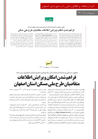 اداره ارتب÷اطات و اطلاع رسانی راه و شهرسازی اصفهان اردیبهشت ماه 1401 چهارشنبه 07اردیبهشت 1401 چهارشنبه 07اردیبهشت 1401 175
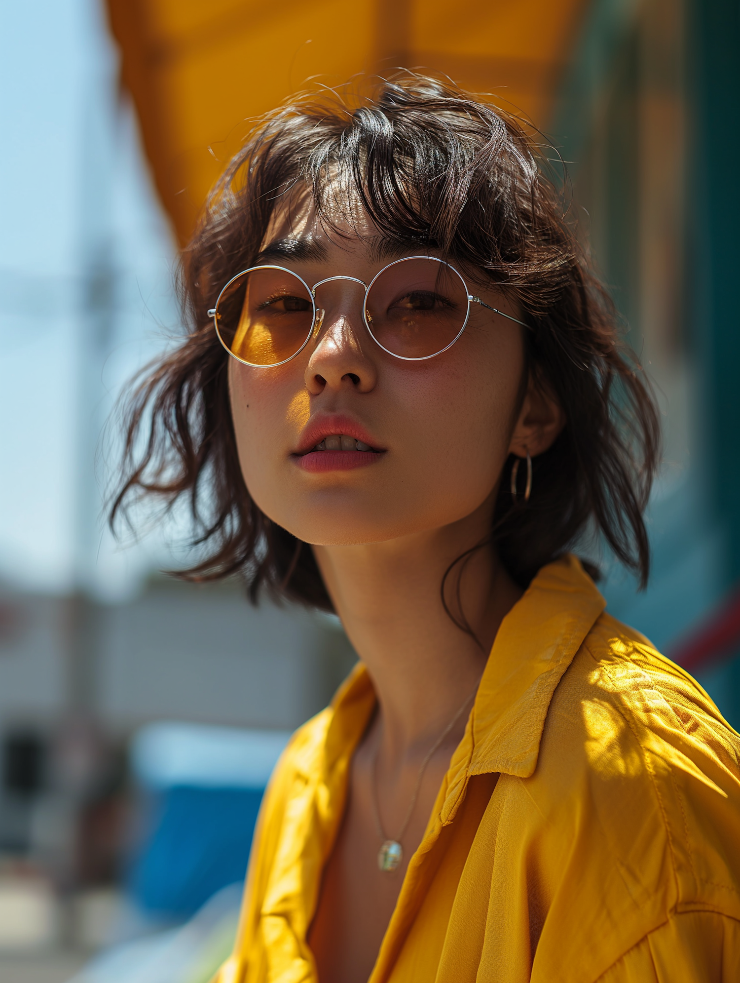 Stylish woman in yellow shirt and round sunglasses, gazing thoughtfully outdoors on a sunny day.
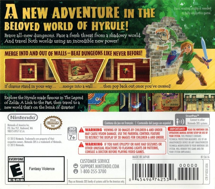 Two worlds collide in an all-new adventure set in the world of Super NES classic The Legend of Zelda: A Link to the Past. In this newly spun tale, Link transforms into a living painting to cross into a dark, parallel dimension mirroring Hyrule. Conquer the puzzles, traps, and hidden rooms of deadly dungeons to save both worlds from certain doom!>
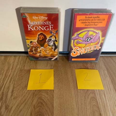 Walt Disney Løvernes Konge VHS videobånd. Klassisk tegnefilm udgivet på VHS-kassette med original plastkassette. Dansk udgave med tryk på forside, ryg og bagside af cover. Egnet til VHS-afspiller, til samling eller brug, hvor dette format understøttes.
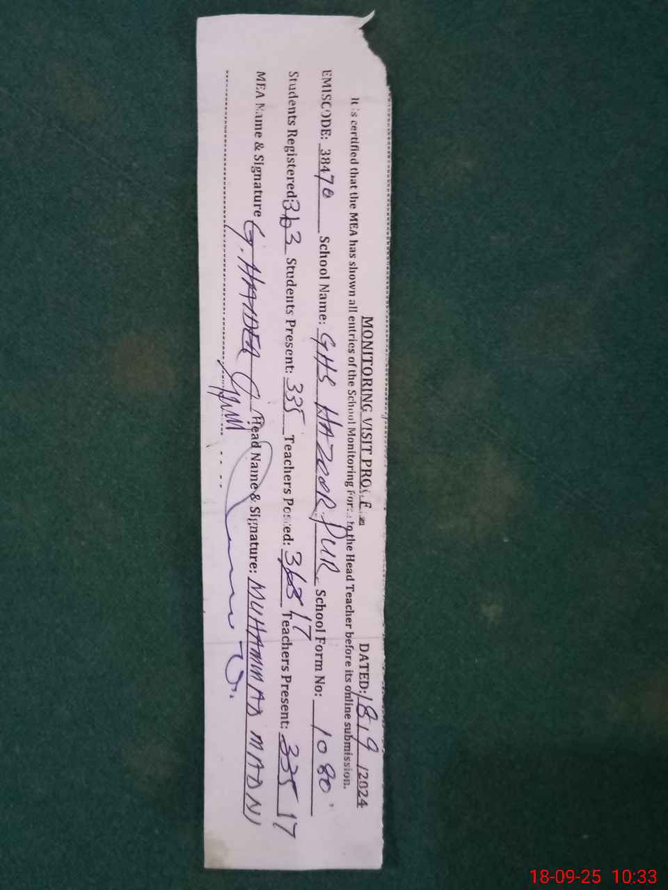 | EMIS Code: 38470026 | Name of School: GHS HAZOOR PUR | |||
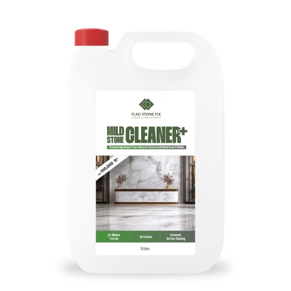 Flagstone Fix Mild Stone Cleaner Plus is a premium, water-based concentrated cleaner formulated with high-quality care agents, auxiliary agents, and refreshing scents. Free from phosphates, lyes, waxes, and polymers, it offers a biodegradable and eco-friendly solution that is safe for both users and surfaces. Its gentle yet effective formula ensures thorough cleaning without damaging delicate stone materials, making it ideal for routine maintenance.

....

Retype the whole listing exactly. Do not include the pictures.

:: YOUR SOLUTION ::
 اداره ارتب÷اطات و اطلاع رسانی راه و شهرسازی اصفهان اردیبهشت ماه 1401 چهارشنبه 07اردیبهشت 1401 چهارشنبه 07اردیبهشت 1401 175
 Stylish woman in yellow shirt and round sunglasses, gazing thoughtfully outdoors on a sunny day.
 Two worlds collide in an all-new adventure set in the world of Super NES classic The Legend of Zelda: A Link to the Past. In this newly spun tale, Link transforms into a living painting to cross into a dark, parallel dimension mirroring Hyrule. Conquer the puzzles, traps, and hidden rooms of deadly dungeons to save both worlds from certain doom!>
 Walt Disney Løvernes Konge VHS videobånd. Klassisk tegnefilm udgivet på VHS-kassette med original plastkassette. Dansk udgave med tryk på forside, ryg og bagside af cover. Egnet til VHS-afspiller, til samling eller brug, hvor dette format understøttes.
 | EMIS Code: 38470026 | Name of School: GHS HAZOOR PUR | |||
 Flagstone Fix Mild Stone Cleaner Plus is a premium, water-based concentrated cleaner formulated with high-quality care agents, auxiliary agents, and refreshing scents. Free from phosphates, lyes, waxes, and polymers, it offers a biodegradable and eco-friendly solution that is safe for both users and surfaces. Its gentle yet effective formula ensures thorough cleaning without damaging delicate stone materials, making it ideal for routine maintenance.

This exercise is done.